Élayne tressaillit légèrement en se rendant compte que Joiya n’était pas liée. Elle vérifia en hâte l’écran qui empêchait cette femme d’atteindre la Vraie Source. Elle espérait qu’aucune des autres n’avait remarqué son sursaut ; Joiya lui inspirait une terreur quasi mortelle, mais Egwene et Nynaeve n’en avaient pas plus peur que Moiraine. Il était parfois difficile d’être aussi courageuse que devrait l’être la Fille-Héritière d’Andor ; elle s’était avisée souvent qu’elle souhaitait pouvoir réagir aussi bien que ces deux-là.

« Les gardiens, murmura Moiraine comme pour elle-même. Je les ai vus encore dans le couloir et l’idée ne m’est pas venue une minute à l’esprit. » Elle réajusta sa robe, se maîtrisant avec un effort visible. Élayne se dit qu’elle n’avait jamais vu Moiraine aussi hors d’elle que ce soir. Mais aussi l’Aes Sedai avait de bonnes raisons. Pas meilleures que les miennes. Ou est-ce que je me trompe ? Elle se surprit à tenter de ne pas croiser le regard d’Egwene.

Aurait-ce été Egwene, Nynaeve ou Élayne qui se trouvaient avoir perdu leur sang-froid, Joiya aurait sûrement dit quelque chose de subtil et à double sens, calculé pour les bouleverser davantage encore. Si elles avaient été seules, du moins. En présence de Moiraine, elle se contenta d’observer avec inquiétude, en silence.

Moiraine longea la table jusqu’au bout, son calme revenu. Joiya avait près d’une tête de plus qu’elle, pourtant, aurait-elle été également vêtue de soie, il n’y aurait eu aucun doute concernant celle qui maîtrisait la situation. Joiya ne baissa pas pavillon à proprement parler, mais ses mains se crispèrent sur sa jupe pendant un instant avant qu’elle leur impose sa volonté.
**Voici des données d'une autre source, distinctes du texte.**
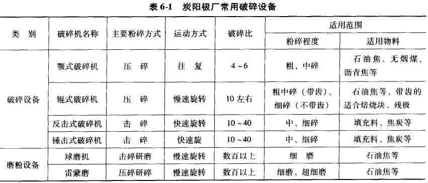 在破碎過(guò)程中,破碎機(jī)進(jìn)口物料粒度與出口物料粒度之比稱為粉碎比或破碎比。破碎比大小與粉碎設(shè)備特性、物科特性以及工藝要求和產(chǎn)量有關(guān)。破碎比過(guò)大,會(huì)使物料過(guò)分研磨或破碎,使小粒度增加,粒度分布不合理,產(chǎn)量下降i破砷比過(guò)小,也會(huì)使破碎的物料粒度不合要求,并增加破碎次數(shù)。炭陽(yáng)極廠常用的破碎設(shè)備及特性見(jiàn)表6—1。

« J’ai pris des dispositions, déclara Moiraine d’une voix égale. Dans quatre jours, vous serez emmenées vers l’amont en bateau, à Tar Valon et à la Tour. Là-bas, elles ne seront pas aussi conciliantes que nous. Si vous n’avez pas trouvé la vérité jusqu’à présent, trouvez-la avant d’atteindre le Port-du-Sud ou soyez certaines que vous irez au gibet dans la Cour des Traîtres. Je ne vous verrai plus à moins que vous ne fassiez savoir que vous avez à dire quelque chose de nouveau. Et je me refuse à entendre un mot de vous – même un seul – à moins qu’il ne soit vraiment nouveau. Croyez-moi, cela vous épargnera de la souffrance à Tar Valon. Aviendha, voulez-vous prévenir le capitaine d’envoyer deux de ses hommes ? » Élayne cligna des paupières comme l’Aielle se redressait et disparaissait par la porte ; parfois Aviendha demeurait tellement immobile qu’on oubliait qu’elle était là.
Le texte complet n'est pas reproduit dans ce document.